──────── Given information ────────
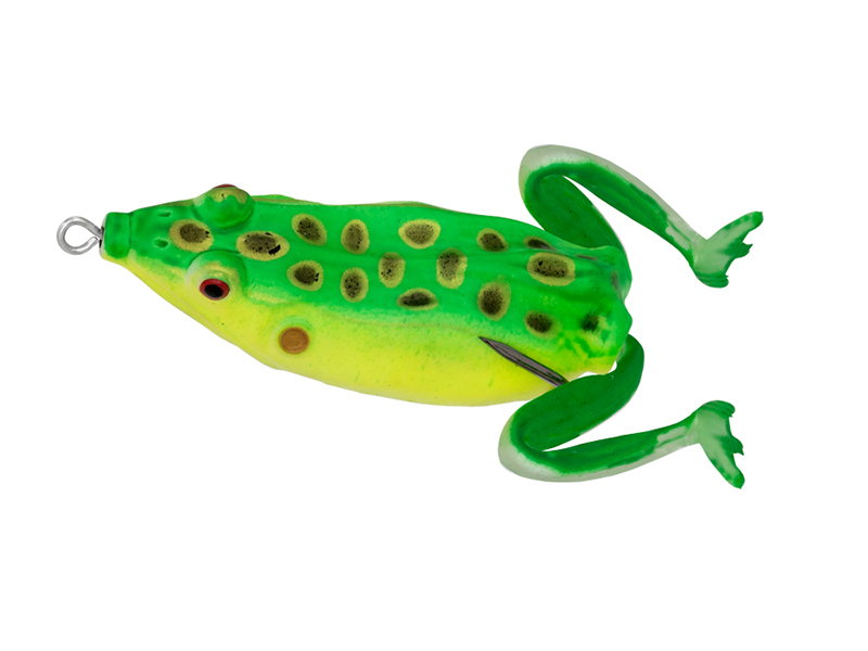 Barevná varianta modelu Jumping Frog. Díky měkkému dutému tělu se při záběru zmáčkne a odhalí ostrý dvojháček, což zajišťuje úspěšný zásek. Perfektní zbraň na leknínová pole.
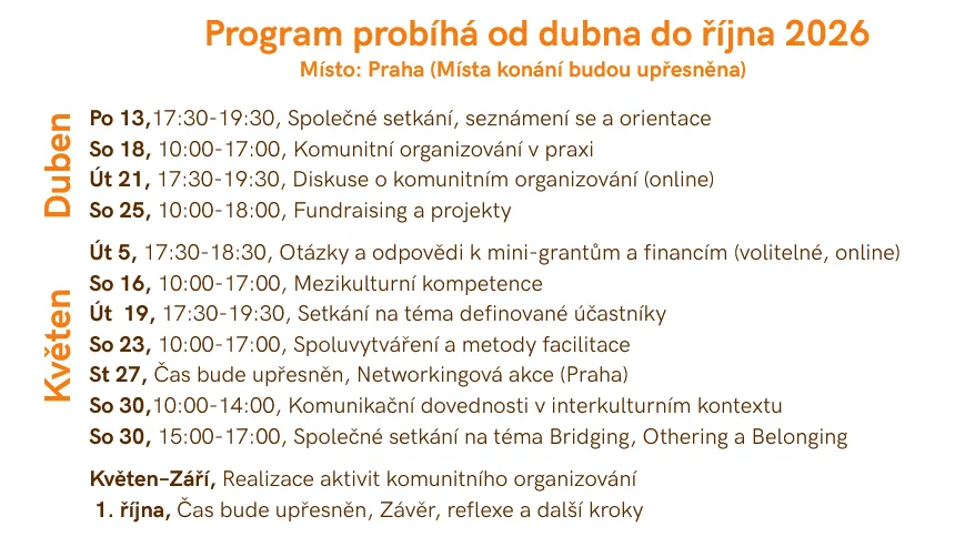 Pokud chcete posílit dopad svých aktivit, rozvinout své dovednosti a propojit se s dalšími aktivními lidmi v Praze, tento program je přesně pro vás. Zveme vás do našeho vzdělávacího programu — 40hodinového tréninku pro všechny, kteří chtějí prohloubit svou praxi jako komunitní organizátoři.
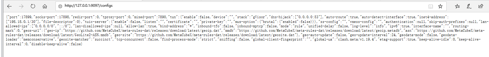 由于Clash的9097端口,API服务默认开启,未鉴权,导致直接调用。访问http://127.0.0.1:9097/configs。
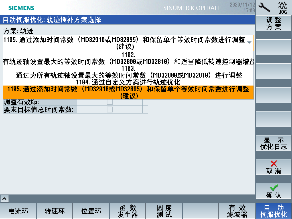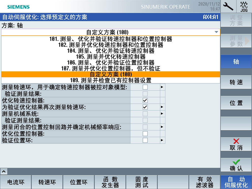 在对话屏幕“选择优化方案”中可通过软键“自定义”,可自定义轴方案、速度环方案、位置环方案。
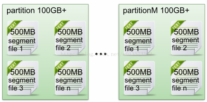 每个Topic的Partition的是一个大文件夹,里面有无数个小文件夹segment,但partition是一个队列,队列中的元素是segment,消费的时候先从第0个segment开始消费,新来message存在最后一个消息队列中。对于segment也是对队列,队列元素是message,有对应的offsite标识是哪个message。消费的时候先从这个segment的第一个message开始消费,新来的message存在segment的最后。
────────
──────── Given information ────────
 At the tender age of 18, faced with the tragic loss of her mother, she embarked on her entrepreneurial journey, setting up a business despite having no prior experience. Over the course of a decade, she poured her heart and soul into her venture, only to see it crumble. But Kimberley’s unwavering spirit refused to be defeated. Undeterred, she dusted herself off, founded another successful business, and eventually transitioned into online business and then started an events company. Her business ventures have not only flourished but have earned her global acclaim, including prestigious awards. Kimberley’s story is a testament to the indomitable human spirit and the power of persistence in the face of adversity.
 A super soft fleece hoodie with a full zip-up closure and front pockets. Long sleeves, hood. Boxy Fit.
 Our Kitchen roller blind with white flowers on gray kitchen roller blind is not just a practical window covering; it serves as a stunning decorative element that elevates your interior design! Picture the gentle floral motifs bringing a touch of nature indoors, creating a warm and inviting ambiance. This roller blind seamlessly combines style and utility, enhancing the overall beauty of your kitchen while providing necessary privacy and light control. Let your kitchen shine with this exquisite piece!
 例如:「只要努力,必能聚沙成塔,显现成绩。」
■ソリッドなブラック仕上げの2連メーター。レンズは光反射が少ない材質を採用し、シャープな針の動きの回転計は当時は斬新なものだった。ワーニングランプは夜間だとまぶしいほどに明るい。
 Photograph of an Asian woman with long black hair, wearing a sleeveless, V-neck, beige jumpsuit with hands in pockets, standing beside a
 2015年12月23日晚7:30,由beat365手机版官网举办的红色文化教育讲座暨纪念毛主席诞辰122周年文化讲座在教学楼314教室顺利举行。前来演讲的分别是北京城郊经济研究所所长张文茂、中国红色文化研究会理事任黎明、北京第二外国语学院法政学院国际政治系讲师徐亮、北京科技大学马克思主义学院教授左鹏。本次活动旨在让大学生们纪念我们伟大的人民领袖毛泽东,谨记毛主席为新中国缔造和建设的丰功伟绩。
────────
Look above for the line holding "Photograph of an" and the line holding "2015年12月23日晚7:30,由be", then output exactly those two lines and every line between them, nothing more.

 Photograph of an Asian woman with long black hair, wearing a sleeveless, V-neck, beige jumpsuit with hands in pockets, standing beside a
 2015年12月23日晚7:30,由beat365手机版官网举办的红色文化教育讲座暨纪念毛主席诞辰122周年文化讲座在教学楼314教室顺利举行。前来演讲的分别是北京城郊经济研究所所长张文茂、中国红色文化研究会理事任黎明、北京第二外国语学院法政学院国际政治系讲师徐亮、北京科技大学马克思主义学院教授左鹏。本次活动旨在让大学生们纪念我们伟大的人民领袖毛泽东,谨记毛主席为新中国缔造和建设的丰功伟绩。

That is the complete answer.